To evaluate our recommendation model fairly, we split the user-item interaction matrix  
into 80% training and 20% testing sets using `random_train_test_split`.  

Ensures that All Users in the Test set exists in the Train set.

Outputs:
- `train_interactions`: Sparse matrix used for model training
- `test_interactions`: Sparse matrix used for evaluation


In [None]:
# Step 4: Split the data into train and test sets (80% train, 20% test)
train_interactions, test_interactions = random_train_test_split(interaction_matrix, test_percentage=0.2)

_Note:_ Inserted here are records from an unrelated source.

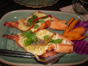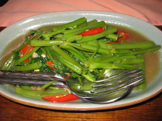 海老のタイ風味付けの塩焼き。 定番の空芯菜の炒め物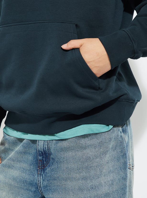 This solid, oversized sweatshirt is a casual essential, designed with long sleeves, a relaxed fit, and a straight hem for effortless comfort. Its minimal, hooded design and soft fabric make it perfect for everyday layering.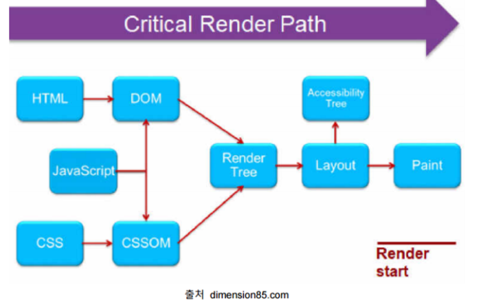 위와 같이 렌더 엔진이 문서를 읽어들이고 파싱하여 어떤 내용을 페이지에 렌더링 할 지 결정한다. 그리고 CSSOM과 DOM이 결합되어 화면에 표시되는 모든 노드의 콘텐츠 및 스타일 정보가 담긴 Render Tree를 형성하고 페이지에 표시되는 각 요소의 크기와 위치를 계산하는 Layout 단계로 이동한다. 그리고 최종적으로 실제 화면에 그리는 Paint 단계로 이르면 끝이다.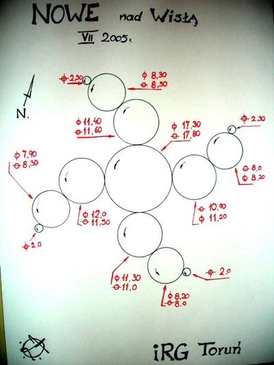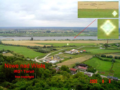 Kręgi w Nowem We wtorek 9 sierpnia ekipa IRG w składzie: Jacek Kozłowski, Leszek Owsiany i Wojtek Budny pojechała na oględziny piktogramu powstałego w miejscowości Nowe (powiat Świecie, 80 km na północ od Torunia na trasie do Gdańska, woj. kujawsko-pomorskie). Jak się okazało na miejscu, formacja powstała miesiąc wcześniej 11 lipca w pszenicy na polu Bronisława Gęsickiego. Pomimo tego zachowana była w dość dobrym stanie, choć wygniecone zboże było już nieco podgnite i porastały je chwasty (fot. nowe f4,) i grzyby (fot. grzyby1). Należy dodać, że w zeszłym roku również dokonywaliśmy oględzin piktogramu, który znajdował się niemal idealnie w tym samym miejscu (fot. Nowe2004). > Pole Pana Gęsickiego znajduje się w starorzeczu Wisły, miejscu, które dość często otulają mgły, jednak według relacji świadka elementem wyróżniającym (prawdopodobnie w momencie powstawania kręgów) b yło to, że tym razem mgła osnuła jedynie niewielki obszar, na którym w następstwie zauważony został piktogram. Mieliśmy również okazję wejścia na miejscową wieżę ciśnień i podziwiać piękno okolicy (fot.z wieży; z obiektem). Według relacji strażnika wieży, kręgi zbożowe w Nowem powstają regularnie od roku 1999, a wcześniej już w pierwszej połowie lat 80-ych !!!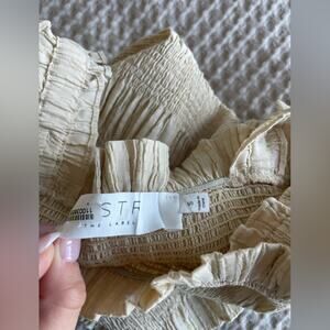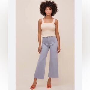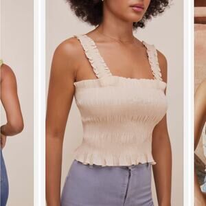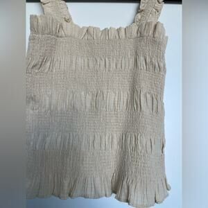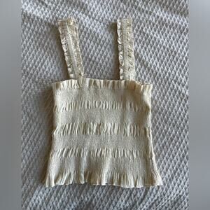 The Twiggy Top features a square neckline with ruffle-trimmed straps. Smocked design flatters your figure.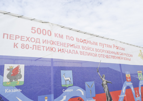 На демонстрационном пароме представлены как раритетные экспозиции инженерного вооружения, так и современные образцы и техника, в том числе роботы "Кобра" и "Скарабей". Речной переход приурочен 80-й годовщине начала Великой Отечественной войны.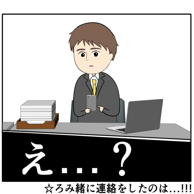 一方、オフィスで仕事中のろみ緒さんは、スマホに届いたメッセージを確認して驚いていました。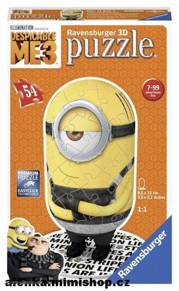 D puzzle v licenci Mimoni. Postavička se skládá z easy click technologie, s tím že puzzle do sebe zapadají bez použití lepidla a postavička poté stojí. Puzzle se dají skládat podle motivu a nebo podle čísel na zadní straně puzzle. Postavička je velká 8,5x13 cm, stojí na podstavci. Balení obsahuje 54 dílků. Věk 7+.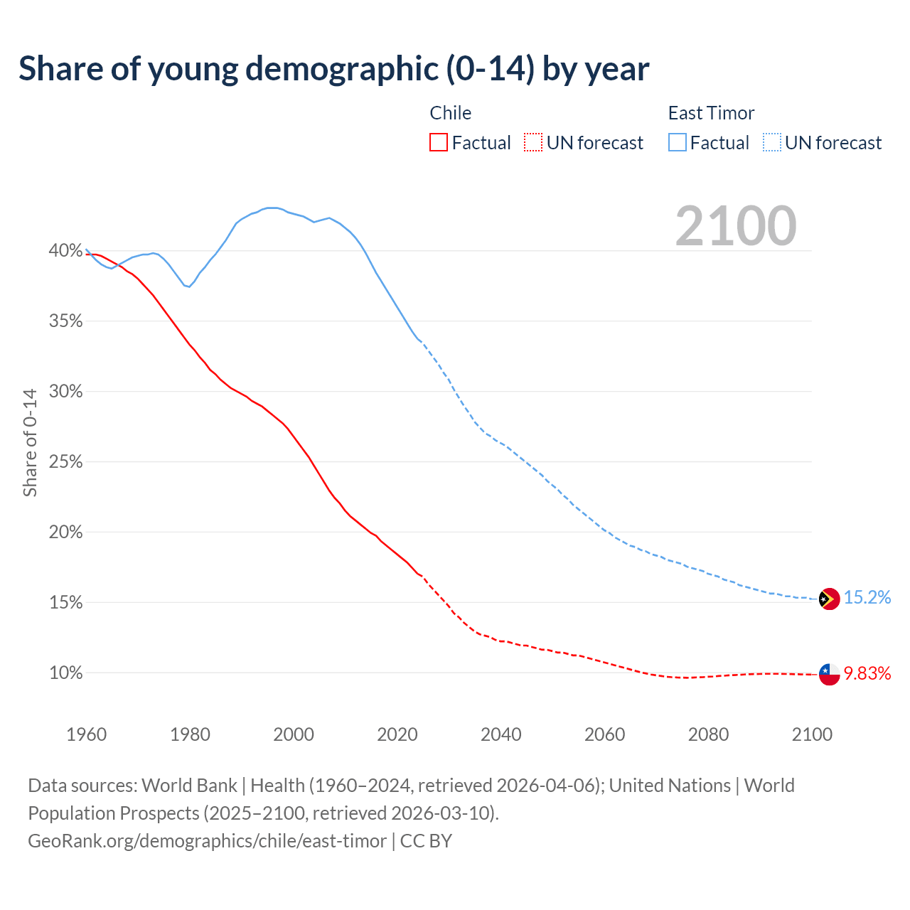 - The share of young demographic (0-15 years old) in Chile is 17% vs 33.7% in East Timor.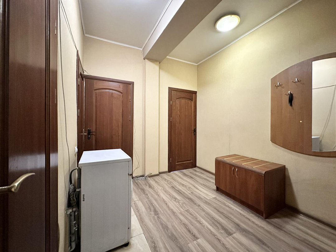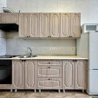 • Ремонт: В квартире выполнен косметический ремонт. На полу площади всей квартиры ламинат, в санузлах керамическая плитка. Стены выровнены и оклеены обоями. Полностью заменена проводка на новую! Потолки натяжные. Установлены хорошие межкомнатные двери массив дерева. Встроенная кухня.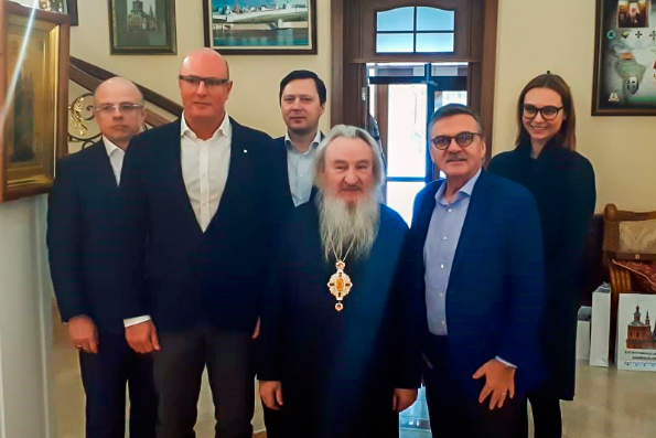 В ходе общения архипастырь ознакомил гостей с основными направлениями деятельности Татарстанской митрополии, рассказал о духовном образовании, социальном служении, работе с молодежью. Владыка Феофан подчеркнул: одним из наиболее действенных и популярных инструментов в налаживании отношений между молодыми людьми различных вероисповеданий являются совместные спортивные мероприятия. В рамках молодежных турниров команды формируются по смешанному принципу и включают в себя как мусульман, так и православных.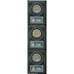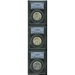 <B>1948 50C Booker T. Washington MS66 PCGS; 1949-S Booker T. Washington MS66 PCGS;</B></I> and a <B>1951-D Booker T. Washington MS66 PCGS,</B></I> the '48-P has a narrow band of peripheral powder blue toning, the '49-S possesses a thin veneer of champagne color, and the '51-D is essentially untoned. 3 Coins Lot:8610

# Step 5: Initialize and Train the LightFM Model

We define a function to initialize and train a LightFM recommendation model using both collaborative signals and item-level metadata.

The function supports several tunable hyperparameters:
- `num_components`: the dimensionality of the latent space
- `loss`: objective function (e.g., 'warp', 'bpr', etc.)
- `epochs`: number of training iterations
- `learning_rate`: step size for Adagrad optimization

To represent users, we use an identity matrix (one-hot encoded user features). The model is trained on a sparse interaction matrix, optionally incorporating high-dimensional item features (e.g., embeddings for cast, director, production company, language).

The model uses the Adagrad learning schedule and returns a trained instance of `LightFM`, suitable for evaluation and recommendation generation.


In [None]:
# Step 5: Initialize and train the LightFM model
def train_lightfm_model(train_matrix, item_features=None, num_components=20,
                        loss='warp', epochs=15, learning_rate=0.05):
    """
    Train a LightFM recommendation model

    Parameters:
    -----------
    train_matrix : scipy sparse matrix of user-item interactions
    item_features : scipy sparse matrix of item features (optional)
    num_components : latent dimensionality of the model
    loss : the loss function ('regression', 'bpr', 'logistic', or 'warp-kos')
    epochs : number of training epochs
    learning_rate : learning rate

    Returns:
    --------
    model : trained LightFM model
    """
    # Initialize the model
    model = LightFM(no_components=num_components,
                   loss=loss,
                   learning_schedule='adagrad',
                   learning_rate=learning_rate)

    # Create identity user features
    user_features = sp.identity(train_matrix.shape[0], format='csr')

    # Train the model
    model.fit(train_matrix,
             user_features=user_features,
             item_features=item_features,
             epochs=epochs,
             verbose=True)

    return model


# Train the model
model = train_lightfm_model(train_interactions, item_features=item_features)

Epoch: 100%|██████████| 15/15 [1:48:47<00:00, 435.19s/it]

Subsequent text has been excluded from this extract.